Google na celowniku Safari
Urządzenia Apple nie mają ostatnio szczęścia w obszarze bezpieczeństwa, choć firma wciąż deklaruje, że stara się zapewnić jak najwięcej komfortu w tym obszarze.
Czytaj także: Apple pierwszą firmą wartą ponad 3 biliony dolarów
Niedawno pojawił się informacje o tym, że niektórzy operatorzy komórkowi w Europie zaczęli blokować u swoich abonentów funkcję Private Relay chroniącą prywatność właścicieli iPhone’ów. Rozwiązanie nie podoba się telekomom, bo pozbawia ich dostępu do danych o użytkownikach. Blokady wprowadziły na razie Vodafone, Telefonica i T-Mobile.

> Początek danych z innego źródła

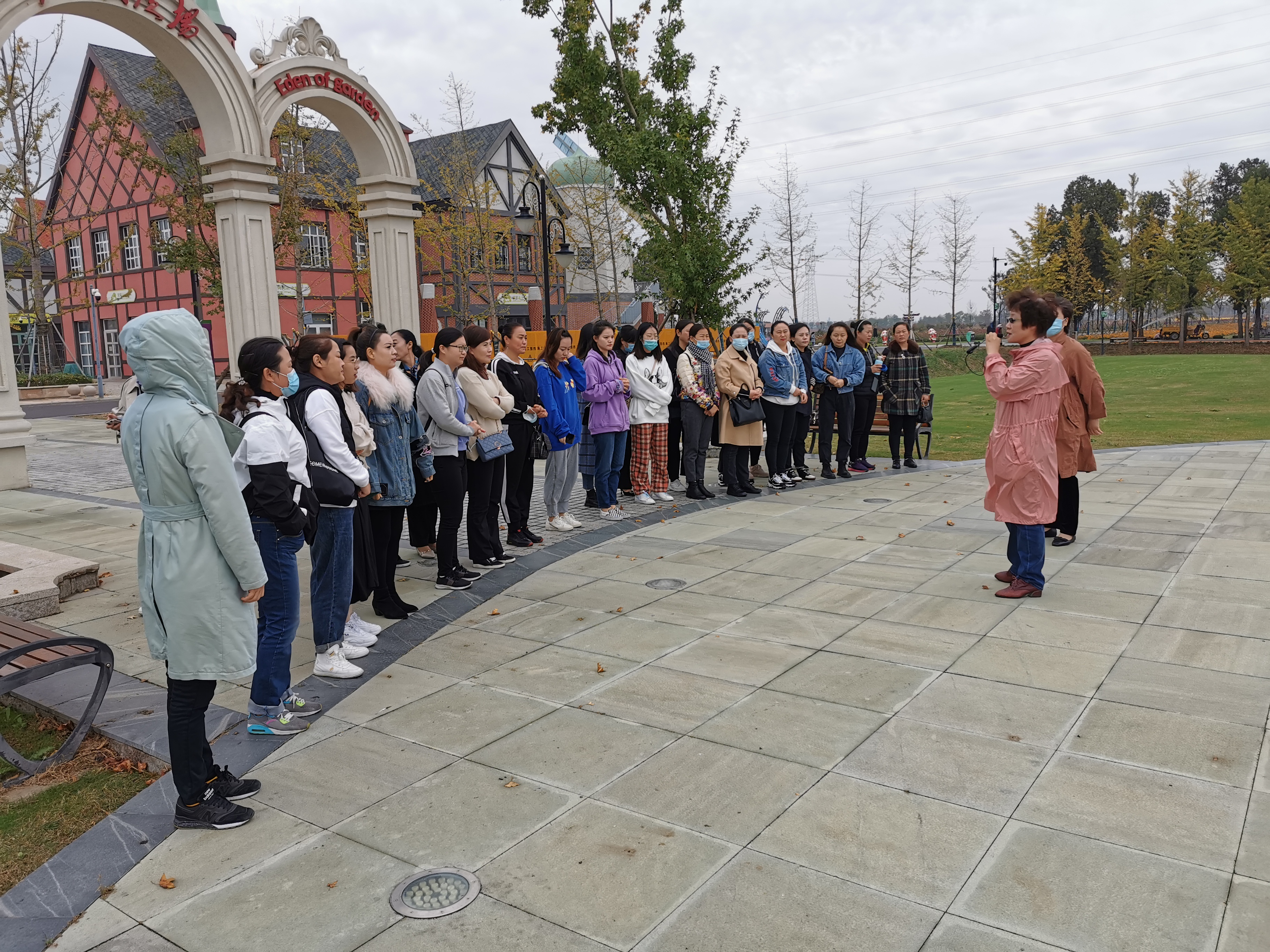 秋高气爽,蓝天白云。上午9点30分,一路欢声笑语的女职工们到达美丽灌云县伊甸园园内,园内鲜花盛开,微风轻拂,蝴蝶也跟着翩翩起舞,女职工们集中合照,留下了一道亮丽的风景。

Teraz pojawiły się informacje o luce w zabezpieczeniach przeglądarki Safari. Usterka może być groźna. Według doniesień ekspertów szczególną uwagę powinni przywiązywać do niej użytkownicy usług powiązanych z Google.

Na czym polega problem? Otóż według źródeł w kodzie Safari jest błąd. Pozwala on na podejrzenie użytkowników kont platformy Google związanych z nazwą konkretnego profilu. Stąd już prostsza droga do włamania na konkretne konto.

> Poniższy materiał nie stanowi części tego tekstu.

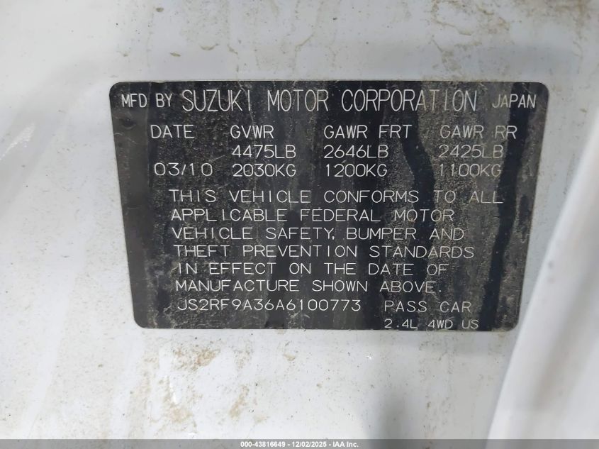Колір БілийЦиліндри 4Привід Повний привідVIN JS2RF9A36A6100773Стан СтаціонарноУшкодження Передня або задня AutoRIA

Według doniesień winien jest IndexedDB, mechanizm odpowiedzialny za bazę informacji dotyczących stron internetowych odwiedzanych przez internautę.
Na razie Apple nie odniósł się w żaden sposób do ujawnionego błędu w zabezpieczeniach Safari. Medialne spekulacje, oparte na wcześniejszych postępowaniach firmy zakładają, że koncern dość szybko opublikuje poprawkę likwidującą wykrytą lukę.